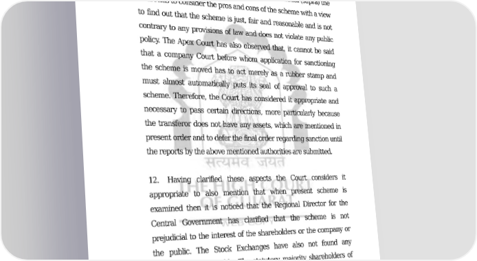 COMP/135/2011 42/49 ORDER amalgamation / scheme and such aspects are mainly in the realm of the commercial wisdom of the Board of Directors and the members of the company. However, as observed by the Apex Court in the decision in the case of Miheer H. Mafatlal (supra) the Court has to consider the pros and cons of the scheme with a view to find out that the scheme is just, fair and reasonable and is not contrary to any provisions of law and does not violate any public policy. The Apex Court has also observed that, it cannot be said that a company Court before whom application for sanctioning the scheme is moved has to act merely as a rubber stamp and must almost automatically puts its seal of approval to such a scheme. Therefore, the Court has considered it appropriate and necessary to pass certain directions, more particularly because the transferor does not have any assets, which are mentioned in present order and to defer the final order regarding sanction until the reports by the above mentioned authorities are submitted. 12. Having clarified these aspects the Court considers it appropriate to also mention that when present scheme is examined then it is noticed that the Regional Director for the Central Government has clarified that the scheme is not prejudicial to the interest of the shareholders or the company or the public. The Stock Exchanges have also not found any provisions objectionable. The statutory majority shareholders of both the companies have also approved the scheme. Under the circumstances, on overall consideration of the scheme there does not appear, except the above mentioned aspects, any other objectionable feature in the scheme which would oblige the Court to decline the sanction requested for. The Regional Director, the Downloaded on : Fri Jan 27 19:33:28 IST 2023
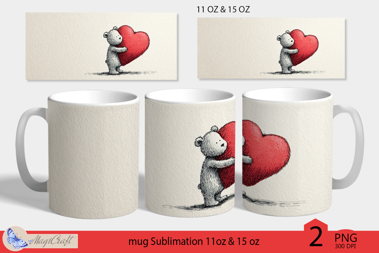 LOVE mug wrap Sublimation|teddy bear mug wrap|hearts decor example image 1
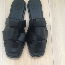 Ett par svarta tofflor med mjuk ovandel. Perfekta för avkoppling hemma. 41 storlek
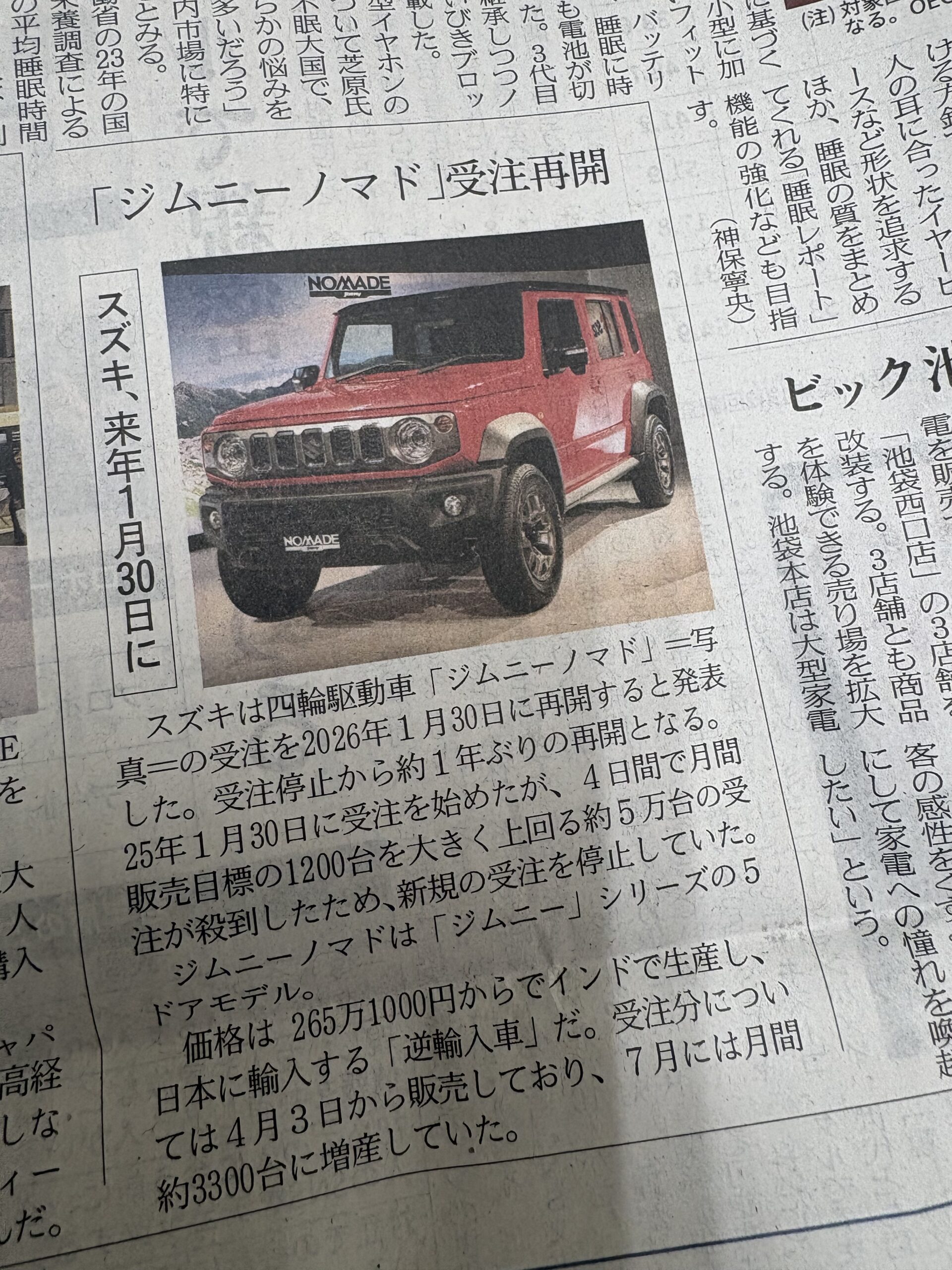 ジムニーノマドの受注が再開されたそうですね。
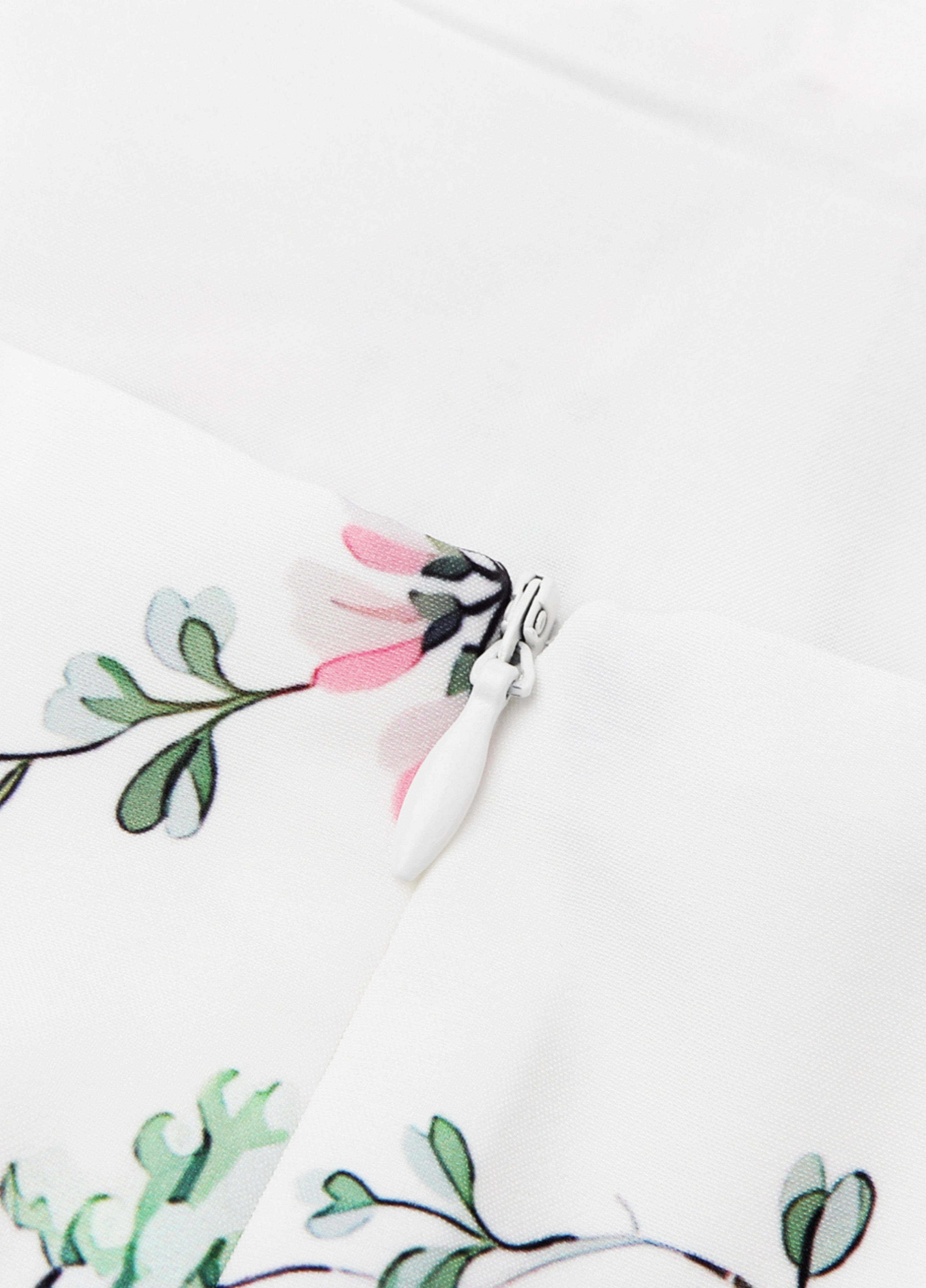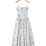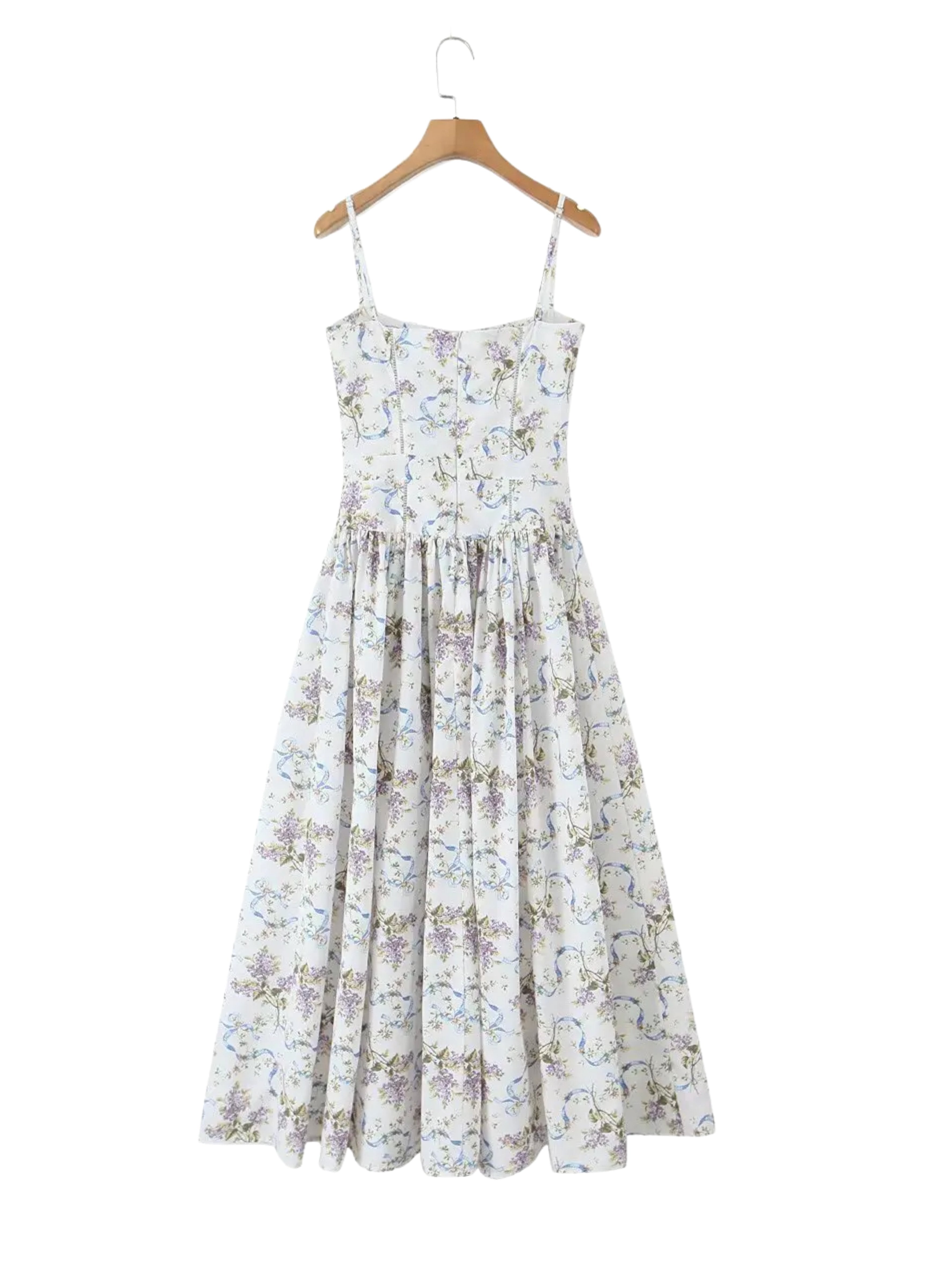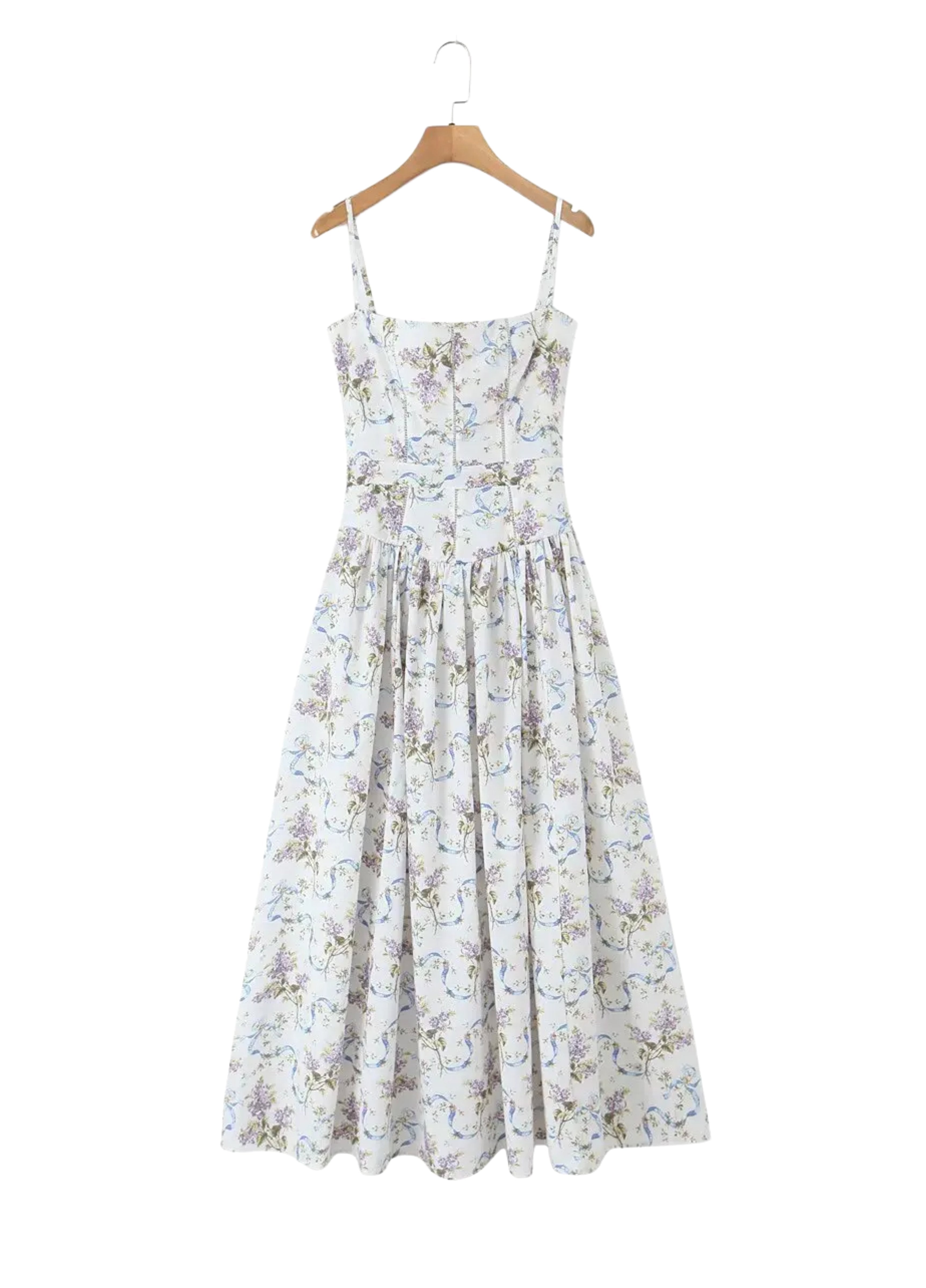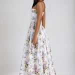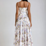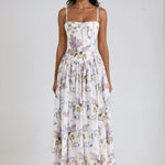 Seraphina is crafted in an off-white floral and ribbon print. The sculpted bodice, delicate ladder trims, and contoured panelling create a flattering, cinched-in shape with adjustable straps.
::::::::::
*To do*
Extract the part of the records that opens with the line containing "LOVE mug wrap" and closes with the line containing "ジムニーノマドの受注が再開されたそうですね。". Take only those lines, exactly, and no pictures.

*Solved problem*
 LOVE mug wrap Sublimation|teddy bear mug wrap|hearts decor example image 1
 Ett par svarta tofflor med mjuk ovandel. Perfekta för avkoppling hemma. 41 storlek
 ジムニーノマドの受注が再開されたそうですね。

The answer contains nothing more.